Data segment:
- - - -
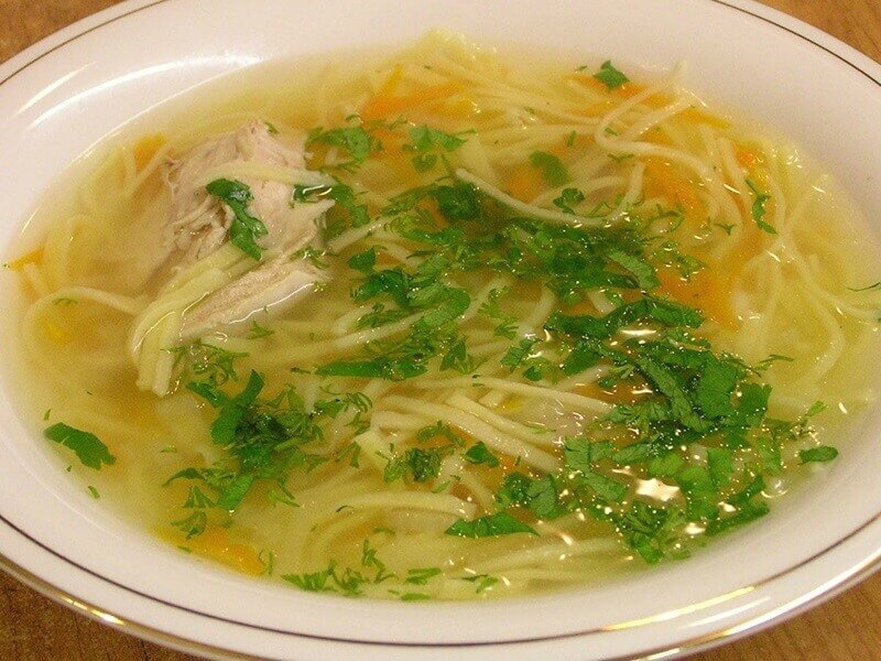 Существует множество супов с курицей, однако важнее всего правильно сварить бульон. В него можно добавлять любые продукты, получая каждый раз новое первое блюдо. Самый распространенный рецепт – это куриный суп с лапшой, речь о котором и пойдет дальше. Куриный бульон Выбирать лучше немолодую несушку, причем использовать рекомендуется целую курицу. Если нет такой возможности, то подойдет суповой набор. Кроме мяса, для бульона потребуется лук и морковь целиком, различные приправы. Курицу промывают, заливают прохладной водой и ставят вариться. Для получения прозрачного бульона соль добавляют в конце. Луковицу и морковь почистить, разрезать пополам и отправить в кастрюлю. Варить около 1 часа до готовности, снимая пенку. Из готового бульона достать овощи и курицу, мясо можно оставить для другого блюда или порезать и вернуть в суп. Желательно процедить бульон, чтобы он был прозрачным. Простой рецепт куриного супа с лапшой Первое получается очень вкусным и сытным, так как используется яичная
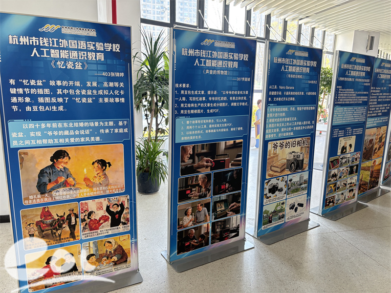 “爷爷的旧物AI复活计划”成为本次活动的情感共鸣点。学校面向全校家庭征集承载时代记忆的旧物,涵盖“烽火岁月”“勤学之路”“生活温情”三大主题,军功章、老课本、粮票、老式收音机等200余件旧物照片及故事汇聚而来。艺体科团队运用AIGC技术,为30件优秀作品生成拟人化卡通形象,制作成包含第一视角语音故事的绘本,让旧物“开口说话”。 活动现场发布的H5电子绘本,整合了旧物故事、拟人形象与语音音频;精选20件优质故事印刷而成的实体绘本集,正式纳入钱江宋韵馆馆藏。
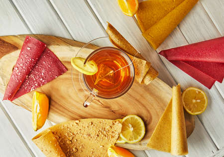 Sweet pastille of pure fruits in rolls with citrus fruits and tea with lemon. Healthy sweets - lollipops, fruit chips. Natural sweets from berries and fruits. Diet vitamin and vegan food. Flat lay
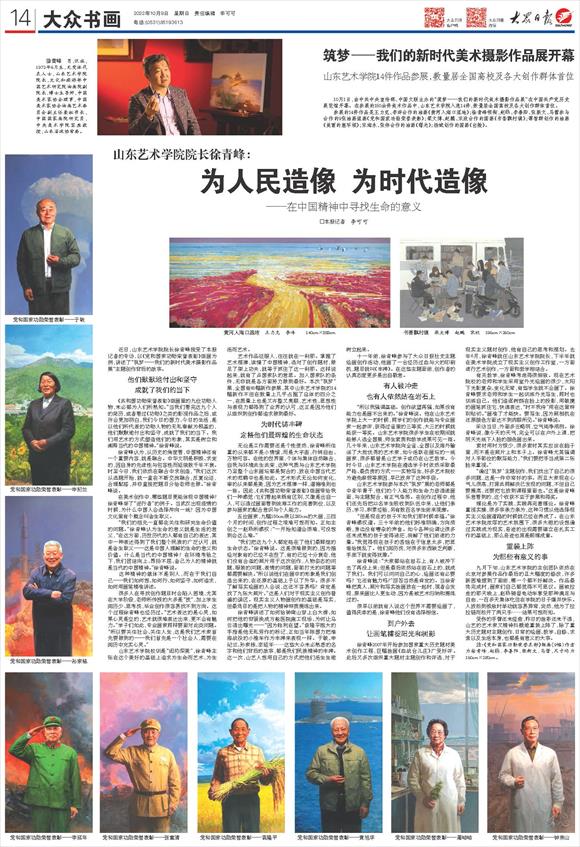近日,山东艺术学院院长徐青峰接受了本报记者的专访,以《党和国家功勋荣誉表彰》组画为例,讲述了“筑梦——我们的新时代美术摄影作品展”主题创作背后的故事。
- - - -
What the task asks: Please write out, exactly, every line from the line with "Sweet pastille of" through the final line of the data above, leaving out pictures.

Solution for this exercise:
 Sweet pastille of pure fruits in rolls with citrus fruits and tea with lemon. Healthy sweets - lollipops, fruit chips. Natural sweets from berries and fruits. Diet vitamin and vegan food. Flat lay
近日,山东艺术学院院长徐青峰接受了本报记者的专访,以《党和国家功勋荣誉表彰》组画为例,讲述了“筑梦——我们的新时代美术摄影作品展”主题创作背后的故事。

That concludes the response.